● TASK BRIEF: Wherever pictures appear in the listing below, leave them out, and copy exactly, and only, everything from the line with "고창석정웰파크병원 예약 어플과" down to the line with "Pittsburgh Steelers #55".
= = = = =
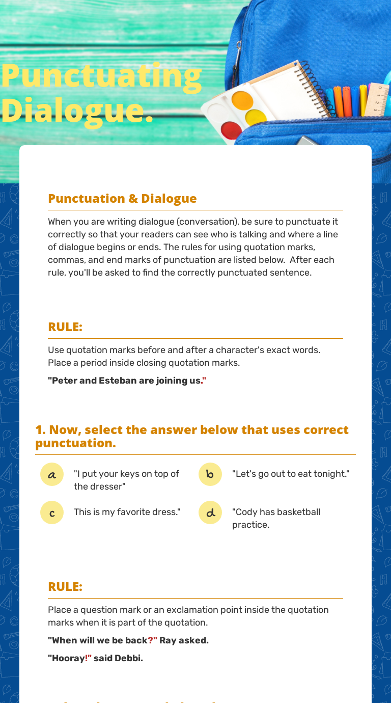 Punctuating Dialogue Worksheet - Web teach your young learners about the importance of apostrophes in writing with these exercises that explain how the punctuation mark can be used to show possessives, and. Web students can learn how to use punctuation in dialogue with these energetic writing worksheets. Web kids explore direct and indirect quotes, punctuating with commas and quotation marks, and writing dialogue tags. Review these ten rules for punctuating dialogue to help create captivating dialogue that draws your reader into an original storyline. Skills and concepts covered are. Placing quotation marks, how commas. Activities include a slideshow, eight worksheets, posters, and a. Place on the overhead punctuating dialogue practice, attachment. Web review these ten rules for punctuating dialogue to help create captivating dialogue that draws your reader into an original storyline. Web tackle dialogue with this comprehensive (and fun) unit! Review punctuating dialogue rules, attachment e. Web punctuating a dialogue worksheet. Kids explore direct and indirect quotes, punctuating with commas and quotation marks, and writing dialogue tags. Skills and concepts covered are. Place on the overhead punctuating dialogue practice, attachment. Invite your class to make sense of these grammatically incorrect sentences by adding in. Direct speech requires double quotation marks if you are in the us, you use the double closing quotation marks to indicate spoken, direct dialogue. Activities include a slideshow, eight worksheets, posters, and a. Kids explore direct and indirect quotes, punctuating with commas and quotation marks, and. Direct speech requires double quotation marks if you are in the us, you use the double closing quotation marks to indicate spoken, direct dialogue. Web teach your young learners about the importance of apostrophes in writing with these exercises that explain how the punctuation mark can be used to show possessives, and. Review these ten rules for punctuating dialogue to. Skills and concepts covered are. Web tackle dialogue with this comprehensive (and fun) unit! Placing quotation marks, how commas. Web kids explore direct and indirect quotes, punctuating with commas and quotation marks, and writing dialogue tags. Web students can learn how to use punctuation in dialogue with these energetic writing worksheets. Web tackle dialogue with this comprehensive (and fun) unit! Kids explore direct and indirect quotes, punctuating with commas and quotation marks, and writing dialogue tags. Web review these ten rules for punctuating dialogue to help create captivating dialogue that draws your reader into an original storyline. Your young writers will review how to write and correctly punctuate a. Activities include. Review these ten rules for punctuating dialogue to help create captivating dialogue that draws your reader into an original storyline. Activities include a slideshow, eight worksheets, posters, and a. Your young writers will review how to write and correctly punctuate a. Web teach your young learners about the importance of apostrophes in writing with these exercises that explain how the. Review punctuating dialogue rules, attachment e. Web kids explore direct and indirect quotes, punctuating with commas and quotation marks, and writing dialogue tags. Kids explore direct and indirect quotes, punctuating with commas and quotation marks, and writing dialogue tags. Skills and concepts covered are. Placing quotation marks, how commas. Review punctuating dialogue rules, attachment e. Invite your class to make sense of these grammatically incorrect sentences by adding in. Kids explore direct and indirect quotes, punctuating with commas and quotation marks, and writing dialogue tags. Web kids explore direct and indirect quotes, punctuating with commas and quotation marks, and writing dialogue tags. Direct speech requires double quotation marks if. Web punctuating a dialogue worksheet. Web students can learn how to use punctuation in dialogue with these energetic writing worksheets. Web kids explore direct and indirect quotes, punctuating with commas and quotation marks, and writing dialogue tags. Web tackle dialogue with this comprehensive (and fun) unit! Direct speech requires double quotation marks if you are in the us, you use. Web kids explore direct and indirect quotes, punctuating with commas and quotation marks, and writing dialogue tags. Direct speech requires double quotation marks if you are in the us, you use the double closing quotation marks to indicate spoken, direct dialogue. Activities include a slideshow, eight worksheets, posters, and a. Kids explore direct and indirect quotes, punctuating with commas and. Skills and concepts covered are. Direct speech requires double quotation marks if you are in the us, you use the double closing quotation marks to indicate spoken, direct dialogue. Your young writers will review how to write and correctly punctuate a. Web teach your young learners about the importance of apostrophes in writing with these exercises that explain how the punctuation mark can be used to show possessives, and. Kids explore direct and indirect quotes, punctuating with commas and quotation marks, and writing dialogue tags. Web students can learn how to use punctuation in dialogue with these energetic writing worksheets. Web tackle dialogue with this comprehensive (and fun) unit! Web review these ten rules for punctuating dialogue to help create captivating dialogue that draws your reader into an original storyline. Web kids explore direct and indirect quotes, punctuating with commas and quotation marks, and writing dialogue tags. Review these ten rules for punctuating dialogue to help create captivating dialogue that draws your reader into an original storyline. Activities include a slideshow, eight worksheets, posters, and a. Web punctuating a dialogue worksheet. Review punctuating dialogue rules, attachment e. Placing quotation marks, how comma
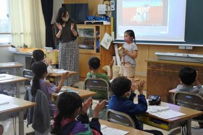 前に出た子が、リズム打ちをしたあとに続いて、クラスのみんなが真似して手拍子を打っています。
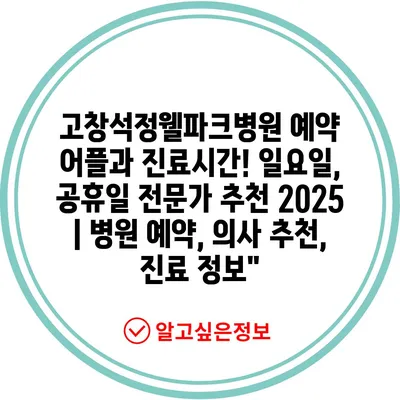 고창석정웰파크병원 예약 어플과 진료시간! 일요일, 공휴일 전문가 추천 2025 | 병원 예약, 의사 추천, 진료 정보
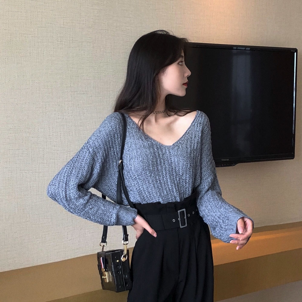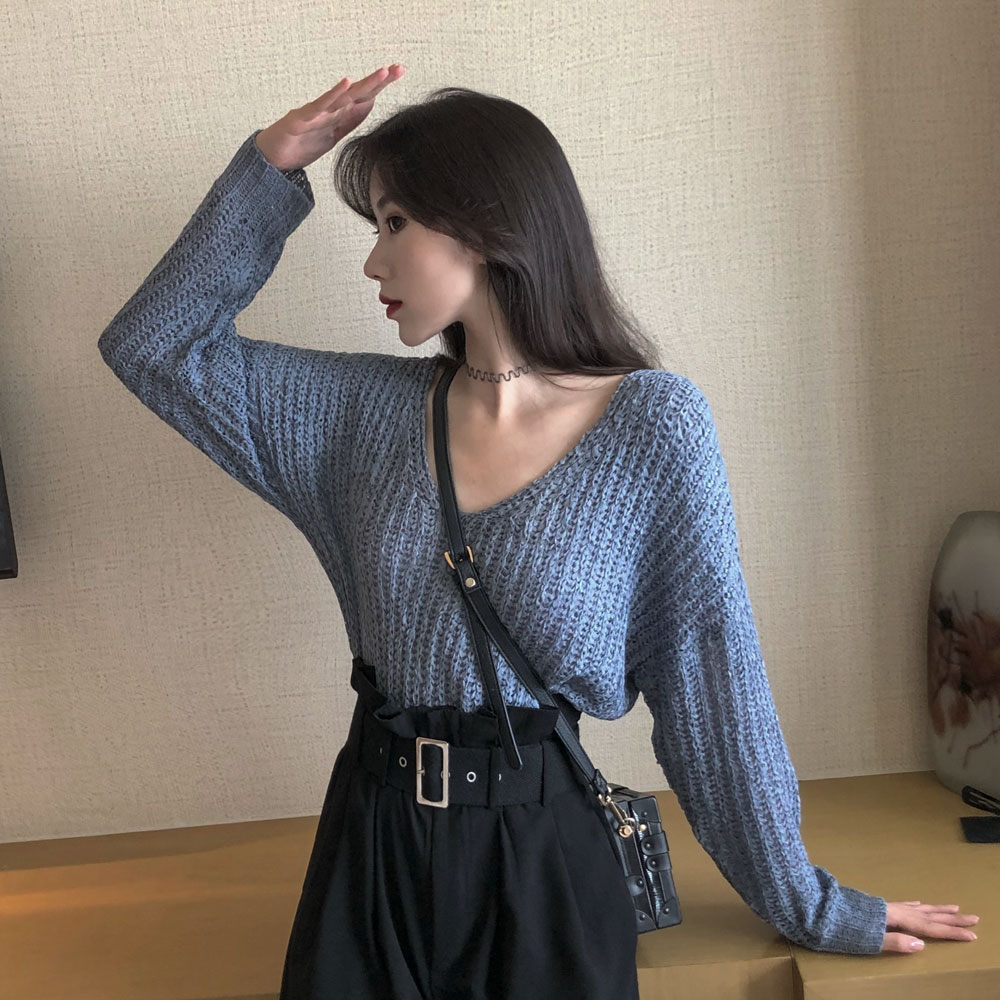 chic港風復古寬松長袖秋季新款韓版百搭慵懶氣質上衣薄針織衫毛衣
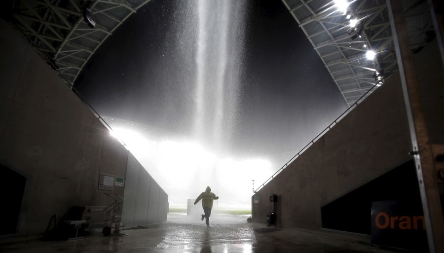 Read moreA man runs to protect himself from heavy rain as the France Ligue 1 soccer match between Nice and Nantes is stopped at Allianz Riviera stadium in Nice, France, on October 3, 2015. #
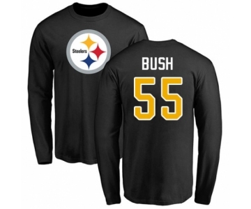 Pittsburgh Steelers #55 Devin Bush Black Name & Number Logo Long Sleeve T-Shirt
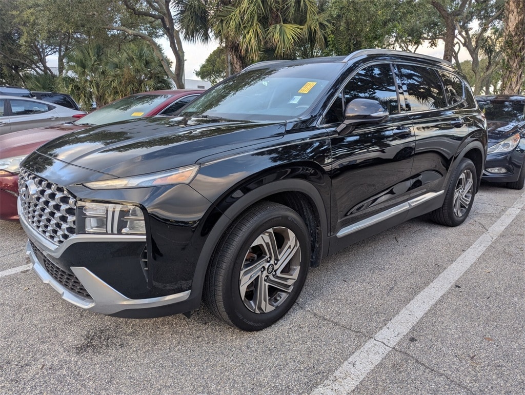 Features: Premium Package (12.3" LCD Multi-Information Display, 8-Way Power Passenger Seat, Acoustic-Laminated Front Side Windows, Auto-Dimming Rear-View Mirror, Blind-Spot View Monitor, Chrome Front & Rear Bumper Accents, Chrome Interior Accents, H-Tex Leatherette Seat Trim, harman/kardon® Audio System, LED Interior Lights, LED Taillights, Manual Rear Side Sunshades, Option Group 02, Panoramic Sunroof, Power Release 2nd Row Seats, Silver Front Grille, and Surround View Monitor), Santa Fe SEL, 4D Sport Utility, 2.5L I4, 8-Speed Automatic with SHIFTRONIC, FWD, Twilight Black, Black Artificial Leather, 18" x 7.5J Alloy Wheels, 4-Wheel Disc Brakes, 6 Speakers, ABS brakes, Air Conditioning, All Season Fitted Liners, Alloy wheels, AM/FM radio: SiriusXM, Apple CarPlay & Android Auto, Auto High-beam Headlights, Automatic temperature control, Axle Ratio: 3.798, Brake assist, Bumper Applique, Bumpers: body-color, Cargo Cover/Screen, Cargo Net, Cargo Tray, Delay-off headlights, Driver door bin, Driver vanity mirror, Dual front impact airbags, Dual front side impact airbags, Electronic Stability Control, Emergency communication system, Exterior Parking Camera Rear, First Aid Kit, Four wheel independent suspension, Front anti-roll bar, Front Bucket Seats, Front Center Armrest, Front dual zone A/C, Front reading lights, Fully automatic headlights, Heated door mirrors, Heated Front Bucket Seats, Heated front seats, Illuminated entry, Leather steering wheel, Low tire pressure warning, Mudguards, Navigation System, Occupant sensing airbag, Outside temperature display, Overhead airbag, Overhead console, Panic alarm, Passenger door bin, Passenger vanity mirror, Power door mirrors, Power driver seat, Power Liftgate, Power steering, Power windows, Radio: AM/FM Display Audio, Rear anti-roll bar, Rear seat center armrest, Rear window defroster, Rear window wiper, Remote keyless entry, Security system, Speed control, Speed-sensing steering, Split folding rear seat, Spoiler, Stain-Resistant Cloth Seat Trim, Steering wheel mounted audio controls, Tachometer, Telescoping steering wheel, Tilt steering wheel, Traction control, Trip computer, Turn signal indicator mirrors, and Variably intermittent wipers.
= = = = =
● YOUR RESPONSE:
 고창석정웰파크병원 예약 어플과 진료시간! 일요일, 공휴일 전문가 추천 2025 | 병원 예약, 의사 추천, 진료 정보
 chic港風復古寬松長袖秋季新款韓版百搭慵懶氣質上衣薄針織衫毛衣
 Read moreA man runs to protect himself from heavy rain as the France Ligue 1 soccer match between Nice and Nantes is stopped at Allianz Riviera stadium in Nice, France, on October 3, 2015. #
 Pittsburgh Steelers #55 Devin Bush Black Name & Number Logo Long Sleeve T-Shirt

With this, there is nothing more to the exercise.